October 14, 2004
Profits in Cattle and Beef Production Strong in China
China is 95 percent self-sufficient in beef supply. China's current profit and loss for grain and beef conversion is 2:1. The production costs are much lower than the US or other competitor countries. Although feed prices have gone up considerably in China, beef prices have moved above feed prices. Cattle and beef production is generally profitable for farmers. In Hunan province, beef cattle can earn RMB 300-500 ($36-60) per head. Most beef cattle are raised on small-sized household farms.

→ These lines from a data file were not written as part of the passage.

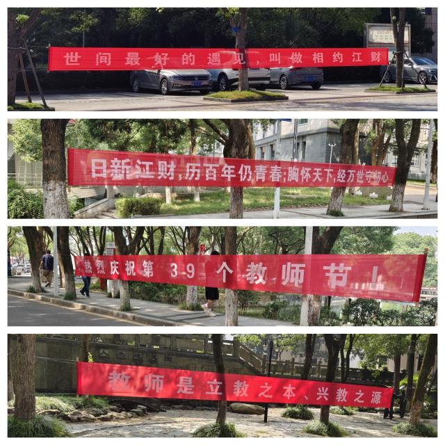 “世间最好的遇见,叫做相约江财”“日新江财,历百年仍青春;胸怀天下,经万世守初心”“教师是立教之本、兴教之源”……迎新与教师节、校庆的碰撞让2023年秋季学期开学不同寻常,校园里充满了喜庆氛围。
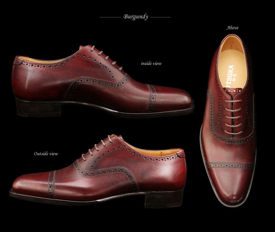 デザイン:7アイレットの外ハトメ、外羽根、Punched Cap Toe でメダリオンあり Cap toeは気持ち小さめ 木型:5722 製法:ハンドソーンウェルテッド製法 九分仕立て アッパー:赤茶~バーガンディのスムースレザー(外ハトメは革とできるだけ同色) アウトソール:革底ツートンカラー(半カラス) / ヒドゥンチャネル / 縁焼き加工 ヒール:ピッチドヒール
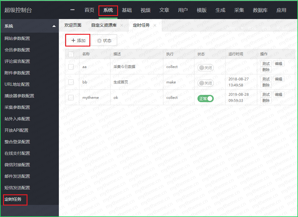 3.复制链接后台选择系统--定时任务,选择添加,我们来新添加一个定时任务。
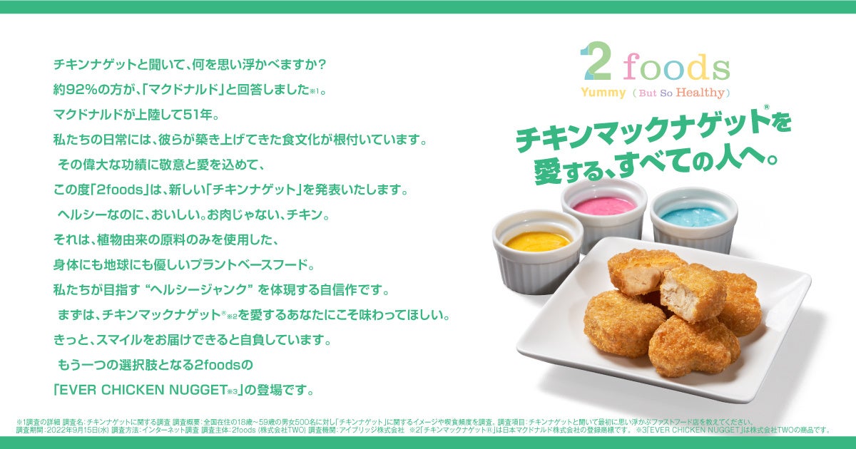 2foodsが行った独自のアンケートにおいて、「チキンナゲット」と聞いて思い浮かべるファストフード店として、約92%の方が「マクドナルド」と回答しました※3。マクドナルドが日本に上陸して51年、彼らが築き上げてきた食文化は日常に浸透しており、私たち2foodsはその偉大な功績に敬意を持っています。また、2foodsはエシカルな社会の実現のため、プラントベースフードカルチャーを広めるべく活動しており、地球にも体にも優しいプラントベースのナゲットが、動物性食品であるナゲットと並び、食の選択肢の一つとして当たり前の存在になっていくことを目指しています。
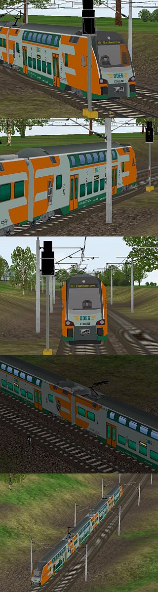 im Set enthalten sind vier Modelle: ODEG_ET445_1.gsb Resourcen\Rollmaterial\Schiene\Triebwagen Beschreibung: Der Doppelstocktriebzug der ODEG (Ostdeutsche Eisenbahn Gesellschaft) hat eine Länge von 102 m und besteht aus 2 Triebköpfen und 2 Mittelwagen. Der Aufbau erfolgt in der Reihenfolge _1, _2, _3 und _4 Beide Triebköpfe sind angetrieben. Der Triebzug hat
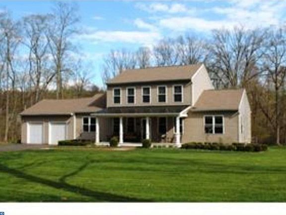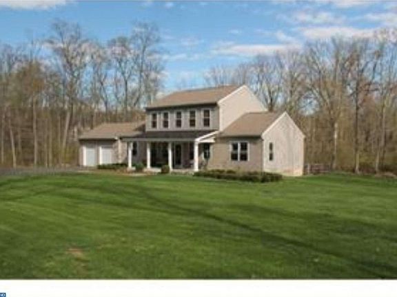 Welcome to this custom Colonial situated on 1.93 acres in Nockamixon Township and located in Blue Ribbon School District of Palisades. Upon entrance you are greeted with an open floor plan, pecan maple wide plank hardwood flooring on the main level with 9'ceilings. Living room showcases a custom built entertainment center along with a gas fireplace. Adjacent to the living room is a private office and half bath with tile flooring and granite. The gourmet kitchen offers hickory 42 cabinets, granite counters with a granite sink, center island, double ovens and stainless steel appliances. The main bedroom is located on the first floor and is generous in size with double closets, luxurious bath with window seat, tile flooring, granite counters and shower with seamless glass. The upper level offers three bedrooms, one of the bedrooms offers a sitting area. A full hall bath completes the upper level. This updated home offers a brand new front porch with trek decking, beautiful columns, metal roof, brick and blue stone walkway with professional landscaping beds. Off the living room, walk through the glass sliding doors out onto your brand new trek deck with black maintenance free railings, an over-sized blue stone patio, a fire pit, professional landscaping beds, vegetable garden and fenced in back yard. The lower level offers framed basement waiting for the finished touches, bilco doors and 9' ceilings. A magnificent setting and back yard backs up to game land. An easy commute to New Jersey, New York and I-78. Enjoy the Delaware River, the canal, local parks, fishing, hiking and climbing.
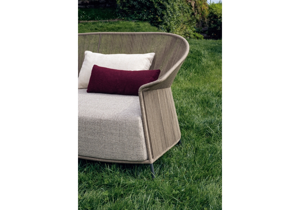 Ola firmato da Radice Orlandini per Potocco è un divano outdoor strutturato in metallo verniciato in differenti finiture. Seduta e schienale sono rivestiti con un intreccio in corda Fly da 8 mm. Rivestimento cuscinatura in differenti tessuti.

China's beginning stock of cattle for 2005 is forecast to increase 3 percent from 135 million head to 139 million head. The number of slaughtered beef is forecast to increase 6 percent from 47 million head to 50 million head in 2005. Beef production for 2005 is forecast to increase 6.4 percent from 6.7 million MT 2004 to 7.1 million MT. The increase in beef production is driven by strong domestic demand and rising incomes.
There are 8 main beef producing provinces in China, accounting for 70 percent of the total production. The top three provinces are Henan, Shandong and Hebei. They are also major grain producing provinces. Beef marketing areas mainly include Beijing, Tianjin, Fujian Province and Guangdong Province.
The National Statistic Bureau (NSB) announced that, in the first half of 2004, China's GDP growth was 9.7 percent over the same period of 2003. The strong economy has translated into consumption of more nutritious food including meat. However, beef production lags demand, especially high quality beef, and China's beef production will continue climbing during the foreseeable future.
The beef consumption increase was also attributed to the bird flu outbreaks which made many consumers switch to red meat. In response to China's ban on U.S. beef, many consumers who currently eat US beef consume more domestic beef. This is because beef supplied by other exporting countries does not fill the supply gap.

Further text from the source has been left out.